Each platform has a static never list in PLATFORM_POLICY. LinkedIn bans snarky_oneliner, GitHub bans snarky_oneliner, Reddit bans curious_probe. These exist because tone and brand safety are not performance judgments. Even if the DB showed snarky_oneliner getting high reactions on LinkedIn, S4L will not ship it. The never list is applied before get_dynamic_tiers even sees the candidate set, so those styles never enter the prompt at all.
What happens on the first run when posts is empty?
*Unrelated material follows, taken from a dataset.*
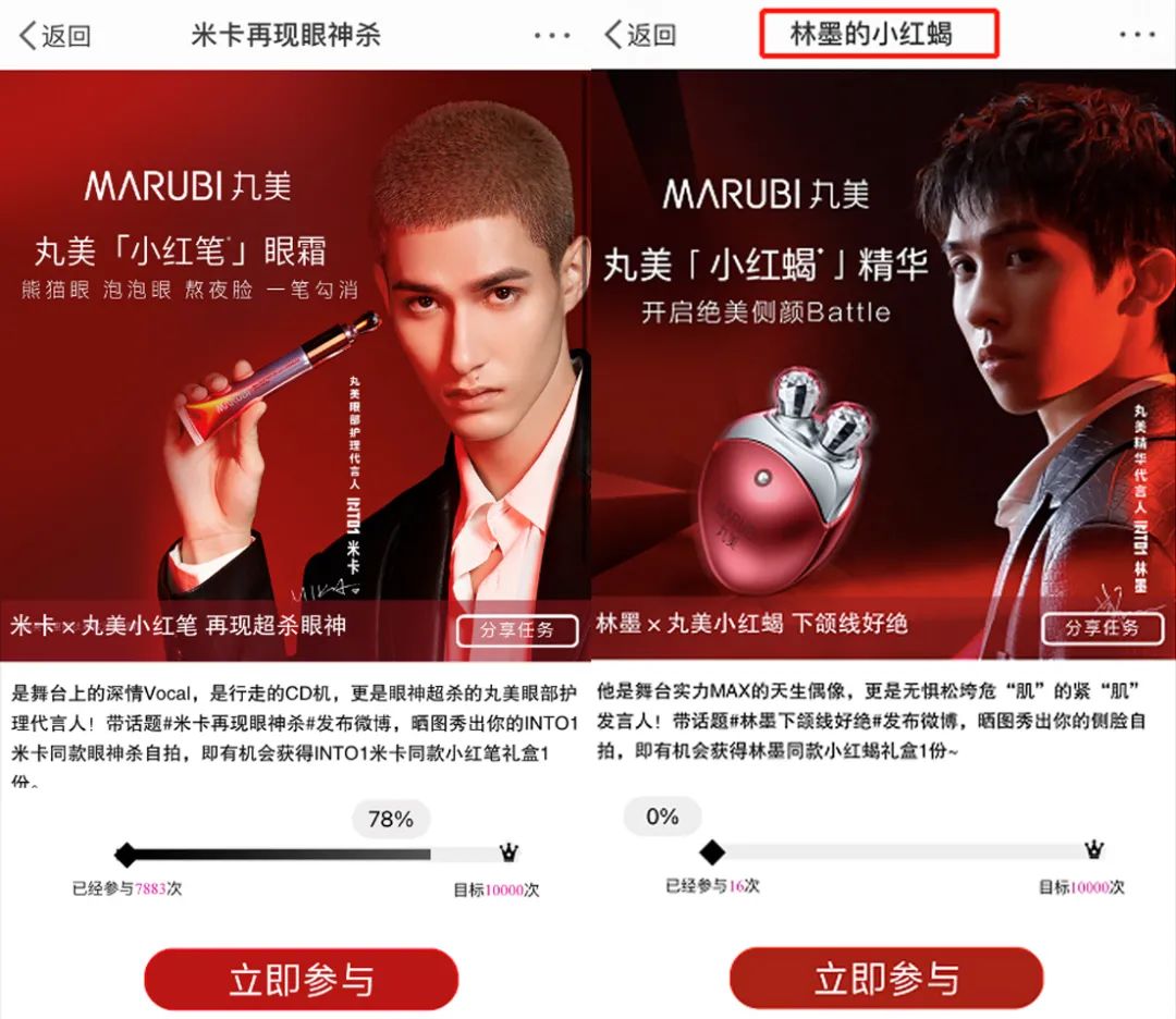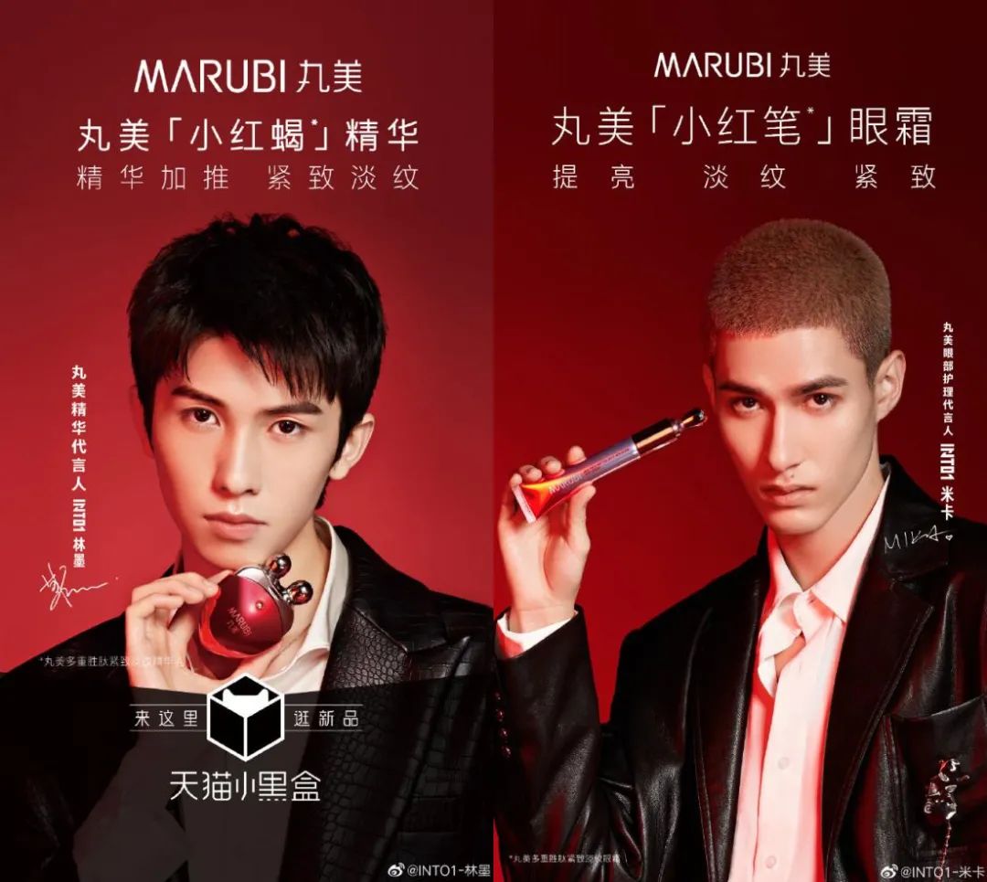 而养成系明星在用户群中拥有强大的号召力,继去年丸美签约青年偶像朱正廷成为品牌大使,取得了品牌传播和销量双丰收之后,今年,丸美再次签约新生代青年偶像为代言人,《创造营2021》成团“INTO1”的林墨为精华代言人,米卡为眼部护理代言人。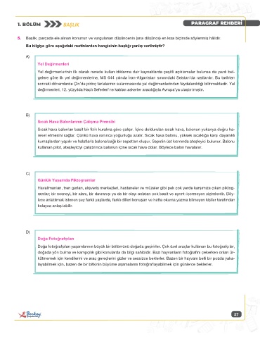 5. Başlık, parçada ele alınan konunun ve vurgulanan düşüncenin (ana düşünce) en kısa biçimde söylenmiş hâlidir.

The function returns (dominant=[], secondary=all_candidates, rare=[]). The prompt then only has a SECONDARY block (minus the never list). Every style gets a roughly equal chance. After about 35 posts on a given platform (7 styles x 5 samples), enough styles cross the trust floor that the bandit can start producing a dominant tier. Before that, S4L is deliberately exploring.
Is this different from the page at /t/site-s4l-ai that describes the 7 styles?
Yes. That page describes the STYLES dict and the per-platform never list as a static taxonomy. This page describes the loop on top of that taxonomy: the SQL query that grades style performance, the get_dynamic_tiers function that turns rows into tiers, the MIN_SAMPLE_SIZE floor, and the 60/30/10 prompt split. Taxonomy is the vocabulary; this is the learning.
How often does the bandit re-rank?
Every time get_styles_prompt is called, which means every time S4L drafts a comment or a reply. There is no batch job. The SQL query runs live, and stats are updated roughly every 6 hours by the stats pipeline (com.m13v.social-stats launchd plist). So by the time you see a comment land, its style was picked against stats that are at most a few hours stale.